A pallet, painted blue, reads "We are all in this together" and sits against the trunk of a large tree in a front yard in South Hero. There is green grass below the pallet, which faces the street, and lots of green, summer foliage in the backgrop.
Abagael Giles
A sign made of pallets sits in a front yard in South Hero, and reads "We are all in this together." On Monday, Gov. Phil Scott today lifted all remaining COVID-19 restrictions, after Vt. met its goal of having 80% of all residents partially vaccinated.

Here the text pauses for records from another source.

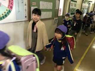 お勉強の後は,ランドセルを背負わせてもらい廊下の歩き方を体験しました。右側通行で1年生と手をつないで歩きました。卒園児の1年生と楽しく歩くことができました。
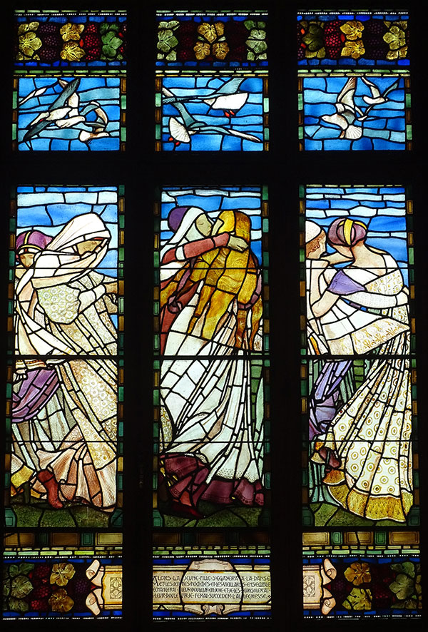 Die Buntglasfenster der Hauptfassade
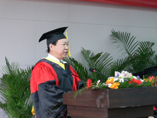 向即将走向工作岗位或继续深造的全体毕业生表示诚挚的祝贺。他希望各位毕业生能够迎接挑战、终身学习,锤炼品格、追求卓越,心存感恩、回报社会,在学习、工作上要老老实实做人、勤勤恳恳做事;要脚踏实地的做人、做事,反对浮躁。要有开拓、创新、进取和百折不饶的精神;要正确处理好学习、生活与工作的关系,以健康、饱满的精神状态投入到工作中。

Vermont reporters provide a roundup of top news takeaways about the coronavirus and more for Monday, June 14.Want VPR's daily news in podcast form? Get up to speed in under 15 minutes with The Frequency every weekday morning. How about an email newsletter? Add our daily email briefing to your morning routine.

The latest coronavirus data:


1. Vermont Dept. of Health reports 1 new case of COVID-19 Monday

State health officials reported just one new case of COVID-19 Monday. 

Two people are hospitalized with the virus. 

Meanwhile, Gov. Phil Scott announced today that 80.2% of the state's eligible population has received at least one dose of a COVID-19 vaccine, making Vermont the first state in the nation to reach this milestone.

Scott said he is rescinding all COVID-19 restrictions, and will not renew the state of emergency when it expires Tuesday.

- Karen Anderson

More from VPR: Gov. Scott Lifts All Remaining COVID-19 Restrictions In Vermont

Masks will be required on all Green Mountain Transit buses through Sept.

While mask mandates have been dropped in many communities, if you’re riding the bus on Green Mountain Transit, expect to keep wearing a face covering for several more months.

GMT announced Friday that it will require passengers to wear masks on board buses until Sept. 13.

That applies to all passengers except for children younger than 2 years old. However, masks are no longer required at any outdoor bus stop.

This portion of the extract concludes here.